Laura Anna Woodin Le Valley (1853 – December 9, 1918) was an American lawyer.

==Early life and family==
Laura Anna Woodin was born in Granville, New York, and was the only daughter of Daniel Woodin (d. 1883) and Sarah J.S. Palmer. Daniel Woodin was born in Oswego County, New York, about the year 1820. He was a tutor in the North Granvill Academy, New York, and in 1845 went to Michigan. He was a teacher for about twenty years and was for many years School Inspector of Macomb County, Michigan. He was elected Justice of Peace for three successive terms, which office he held at the time of his death.
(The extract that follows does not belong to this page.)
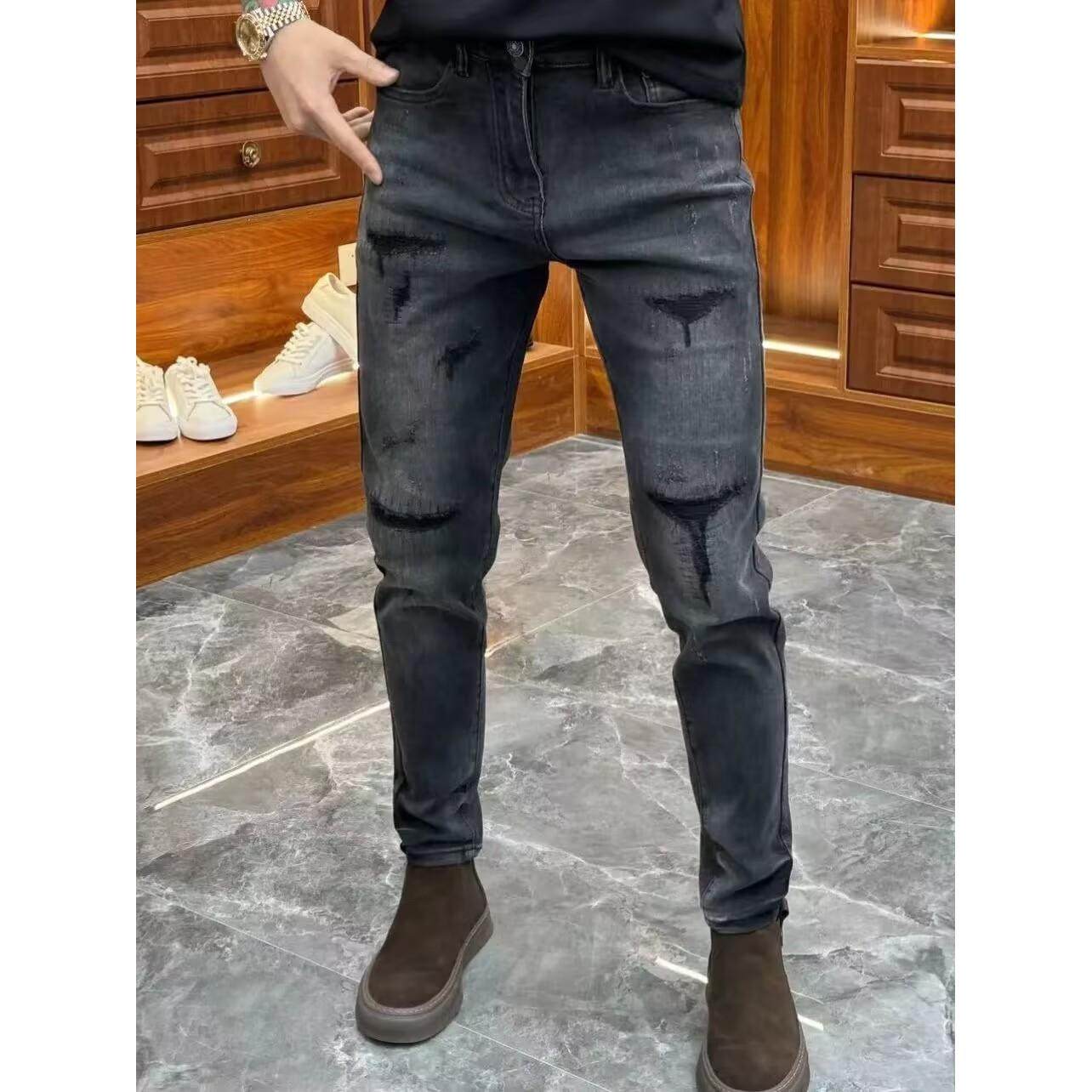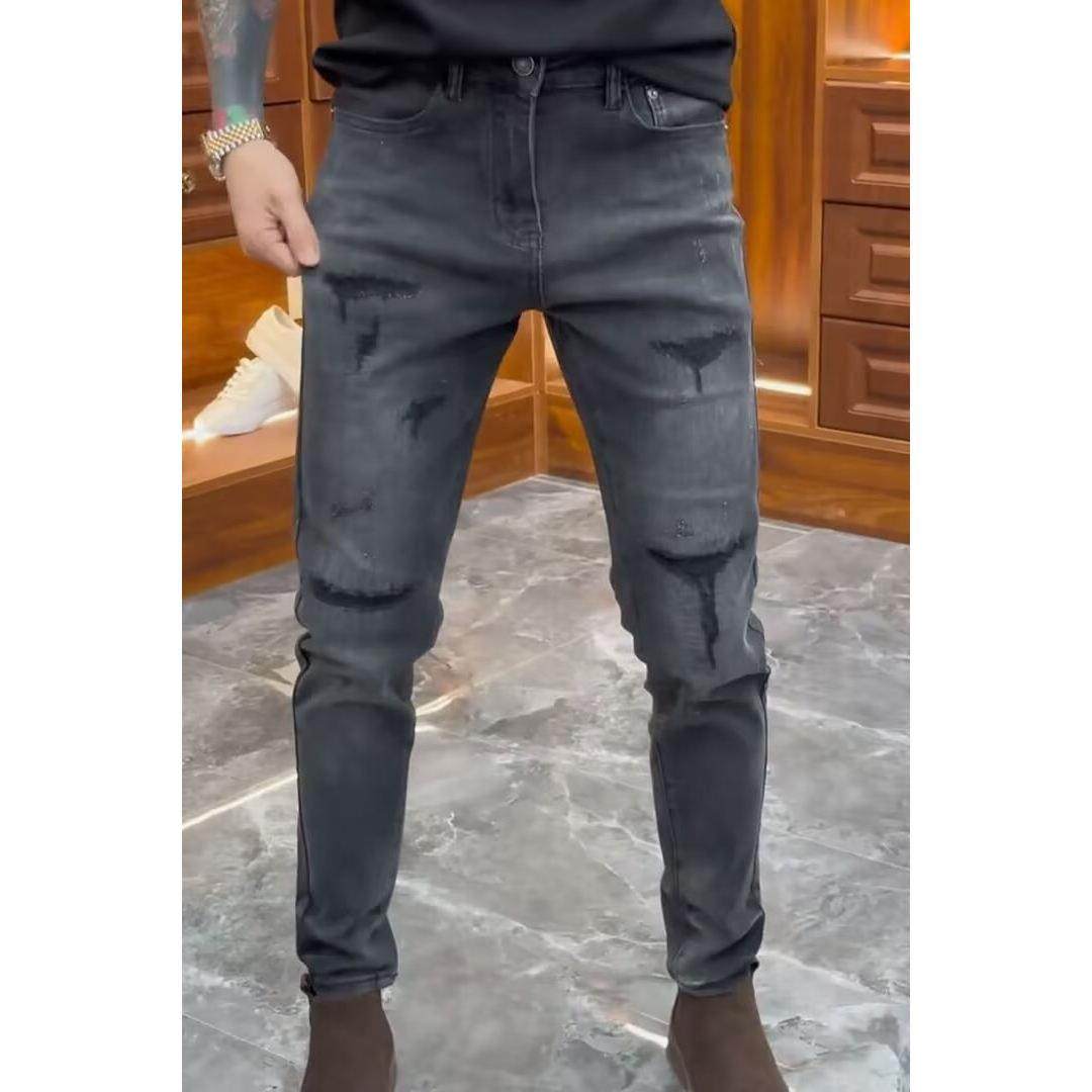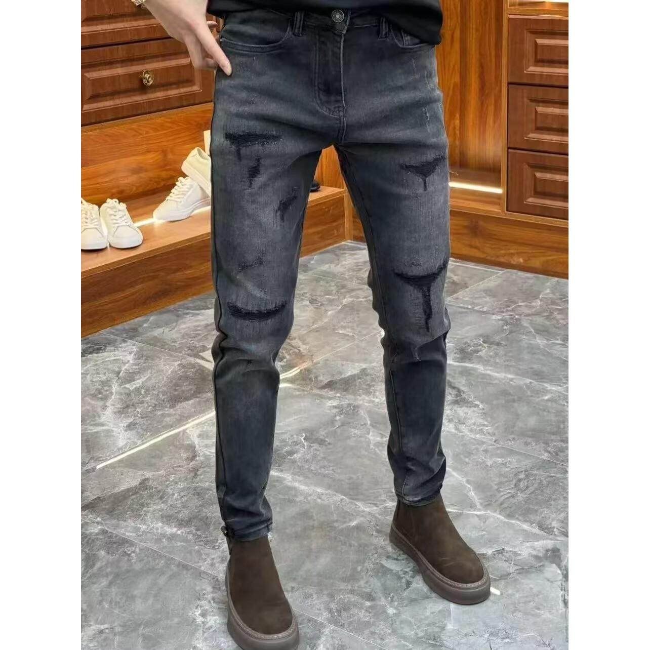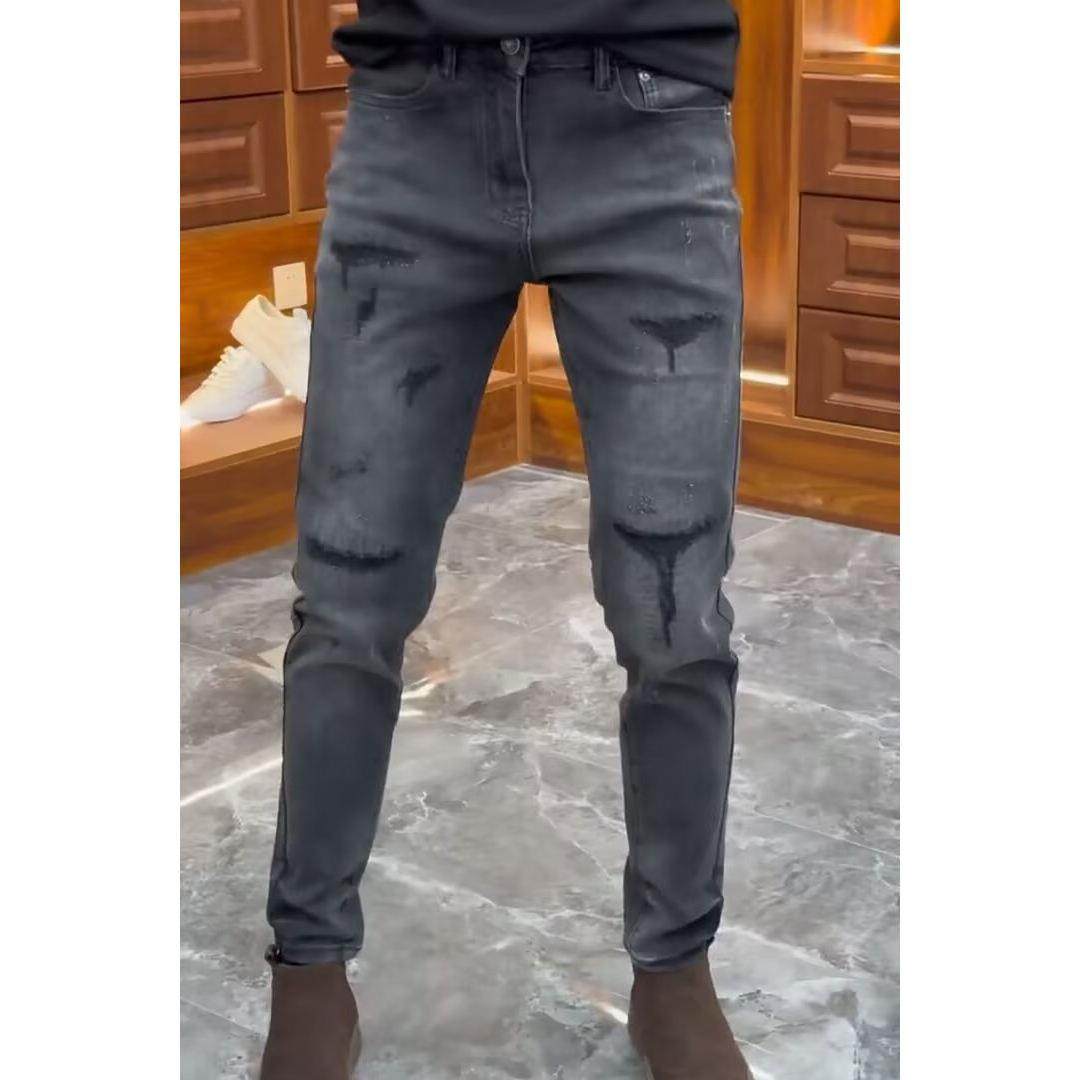 高级感黑灰色修身牛仔裤男破洞补丁秋季新款时尚潮流弹力小脚裤子

Her girlhood was spent in Romeo, Michigan, where she attended an institute of that place, and afterwards she became a student in Falley Seminary, Fulton, New York. She made a specialty of music, and entered Sherwood's Musical Academy, Lyons, New York, from which she was graduated.

==Career==
Soon after graduation, Laura A. Woodin Le Valley gained the reputation of a thorough instructor in instrumental music. Finding her services in demand in her father's office, she was appointed a notary public, and assisted him for several years, especially in the prosecution of United States claims. During that time she had much business experience and began the study of stenography. She commenced to study law, and, encouraged by her father, entered the law department of the University of Michigan in the fall of 1880, from which she was graduated in the class of 1882. She was a faithful student, made rapid progress, and had barely entered upon the work of the senior year, when she applied for admission to the bar, stood a rigid examination in open court, and was admitted to practice before the supreme court of Michigan on November 12, 1881.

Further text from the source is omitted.